Le jour où j’ai acheté une maison

Il y a 6 mois aujourd’hui, j’étais chez le notaire pour finaliser l’achat et récupérer les clés de ma maison.

J’ai encore un peu de mal à réaliser que j’ai acheté une maison à Chartres : je m’étais toujours dit que si je devais acheter ce serait au Portugal. L’idée m’était déjà venue avant d’emménager à Chartres, mais j’avais fini par l’abandonner face aux avantages de la location (et aux difficultés que posaient les banques). Je me faisais régulièrement la réflexion que je n’avais aucune envie, ni intérêt à acheter. Et finalement, me voilà propriétaire.

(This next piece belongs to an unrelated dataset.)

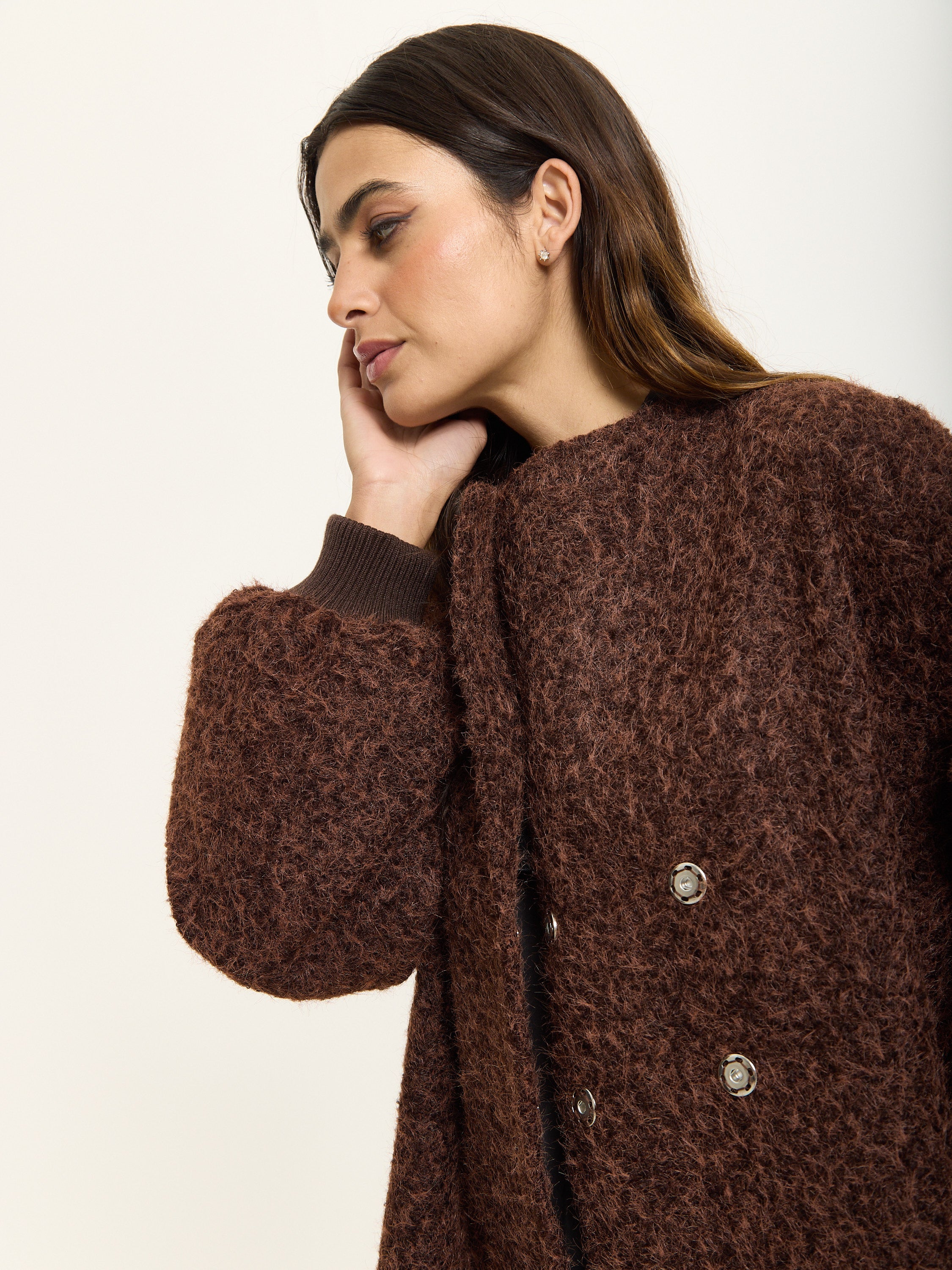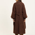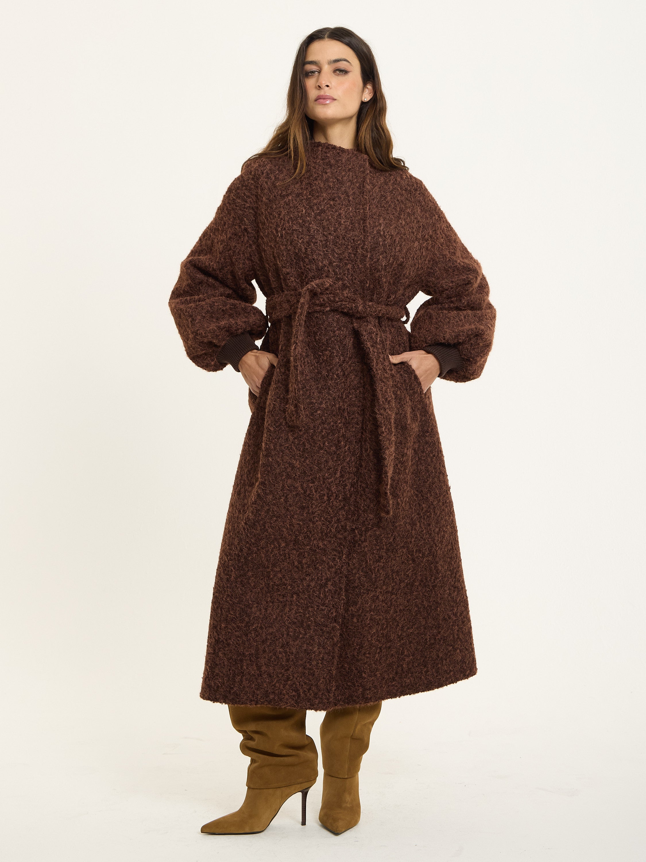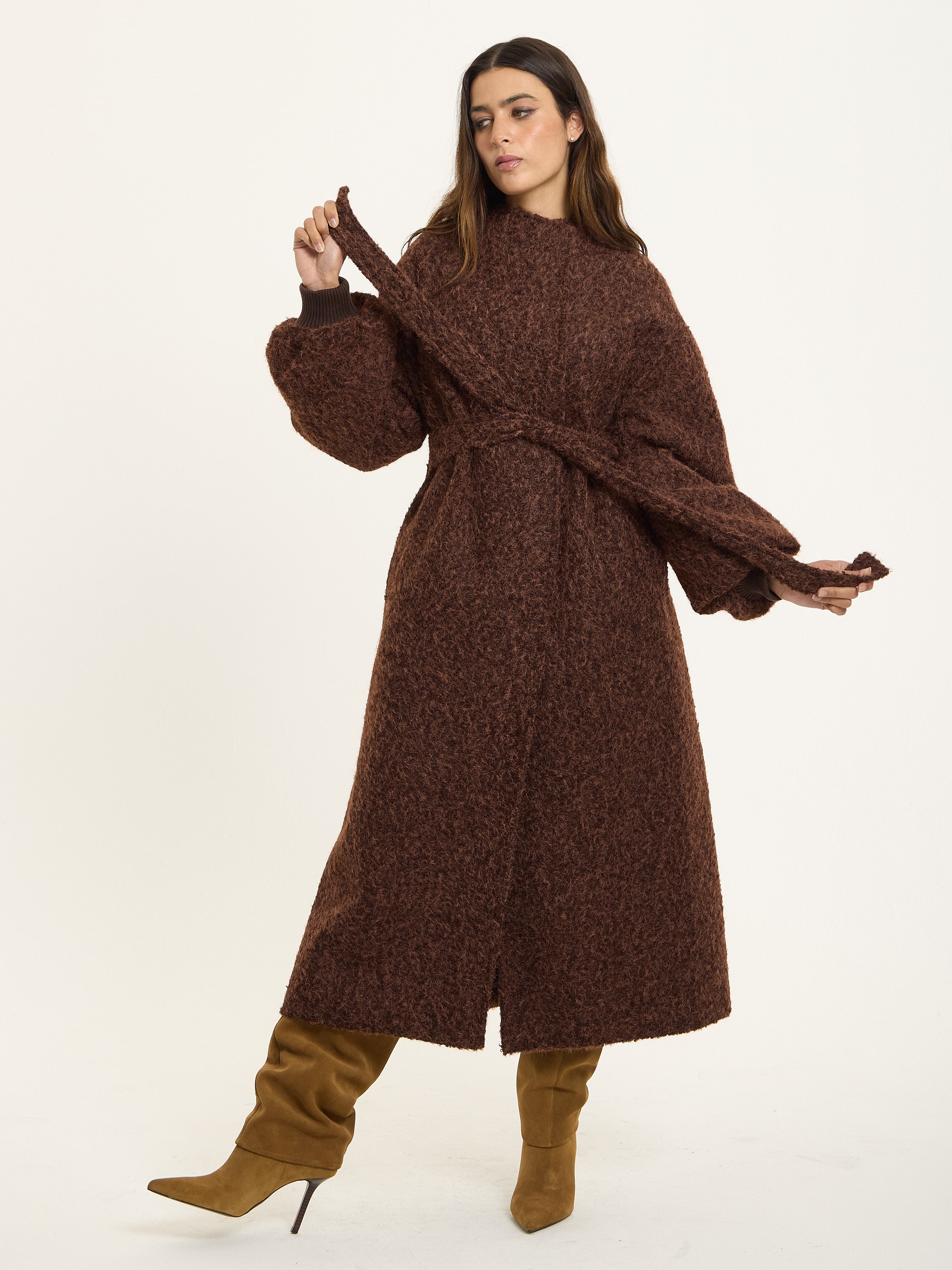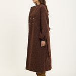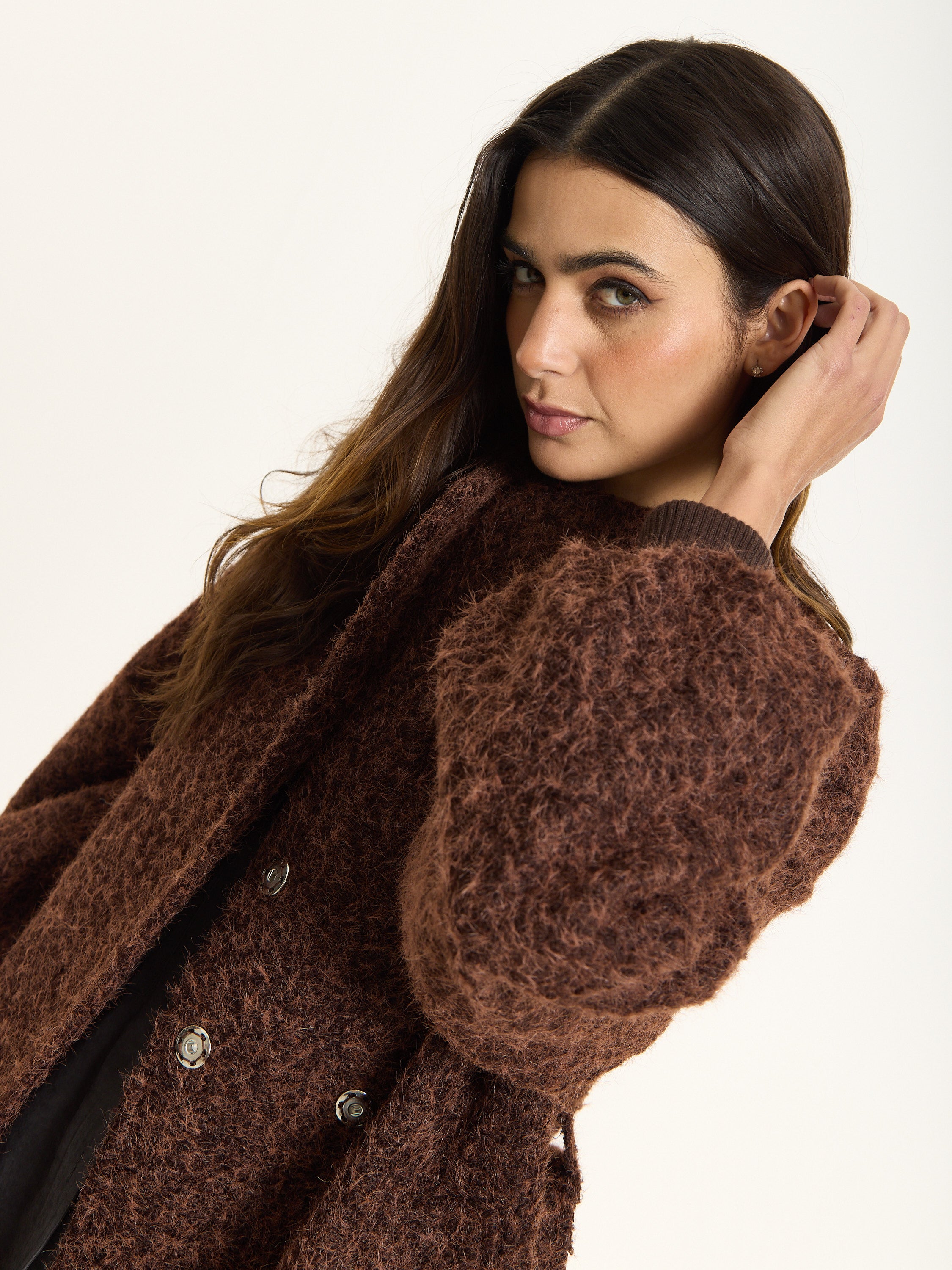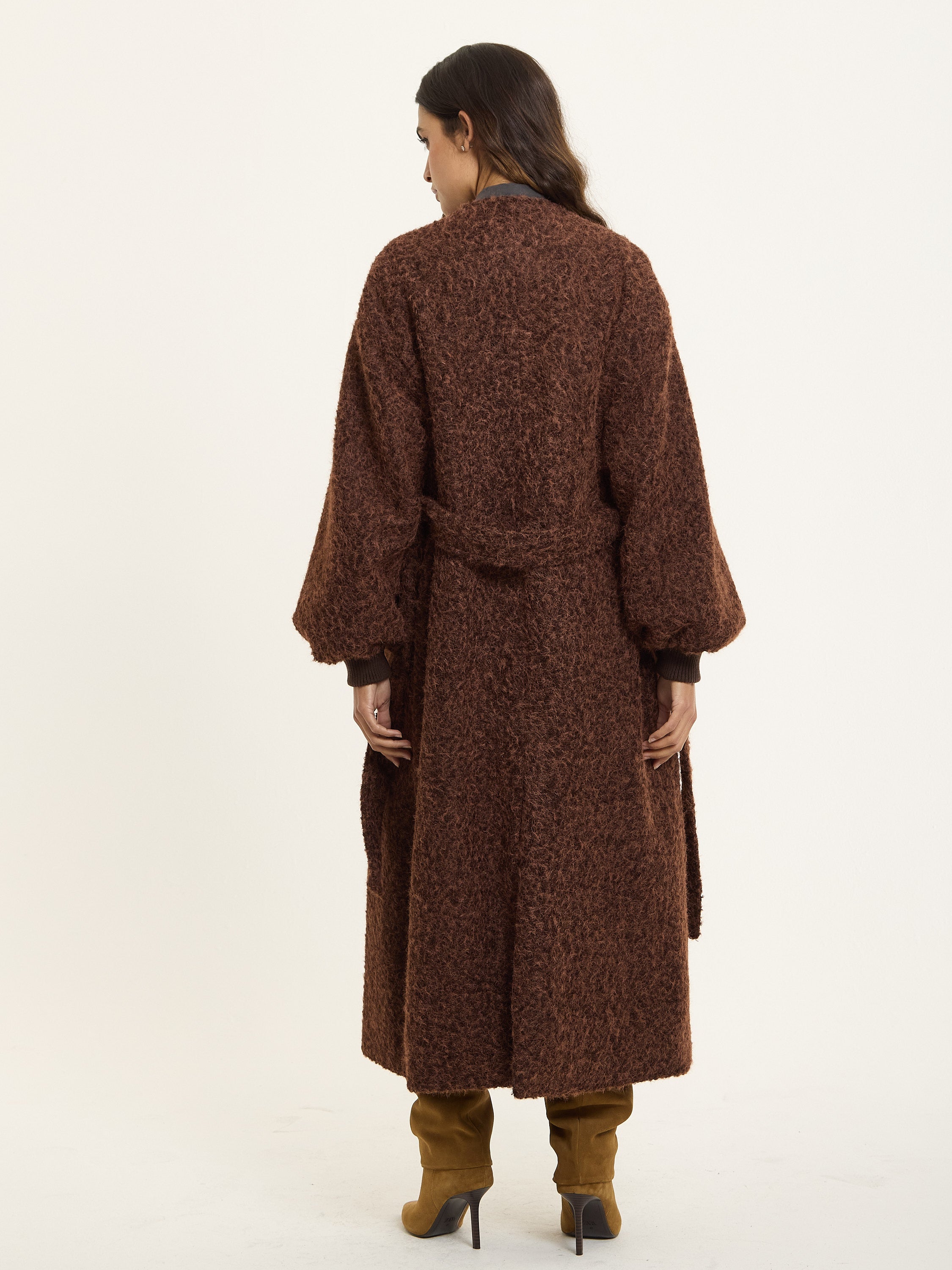 This longline statement coat is made from a soft textured polyester fabric in rich brown. Designed with an oversized silhouette, double-breasted front, balloon sleeves, and ribbed cuffs. The detachable belt allows you to wear it loose or cinched for a defined shape. A cozy and stylish choice for layering through the colder months.

Au début je voulais juste déménager pour un appartement avec balcon, mais le Covid étant passé par là, la demande était forte, l’offre faible et les prix bien plus élevés qu’avant. Après calculs et réflexion, acheter était beaucoup plus intéressant que louer.

C’est ainsi que depuis 6 mois, je suis officiellement propriétaire d’une adorable petite maison de ville à Chartres.

Elle est l’opposée de ce que je cherchais au départ, mais elle a quelque chose que les autres maisons visitées n’avaient pas : je m’y suis sentie bien dès le départ

Je l’avais visitée seule mais n’avait pas donné suite : mes parents ne pouvaient pas venir à Chartres à ce moment-là et il fallait que j’y retourne avec eux pour que mon père me confirme si mes ajustements étaient faisables. Je me disais qu’elle partirait vite vu son prix et son emplacement – comme ça avait été le cas pour les autres. Je n’y ai plus vraiment repensé après coup. Et finalement, quelques semaines plus tard, alors que j’appelais pour une autre maison, l’agent immobilier m’a appris que cette maison était encore sur le marché.

C’était un signe : elle m’attendait.

Quand je me suis lancée dans le projet, je cherchais une maison non mitoyenne, avec trois chambres, une cuisine séparée et un grand jardin. J’en ai visité plusieurs qui correspondaient à mes critères et dans mon budget, mais elles avaient toutes un défaut majeur : soit il n’y avait pas de wc à l’étage, soit on entrait directement dans le séjour, soit l’escalier pour l’étage était au milieu du salon – trois points totalement rédhibitoires pour moi.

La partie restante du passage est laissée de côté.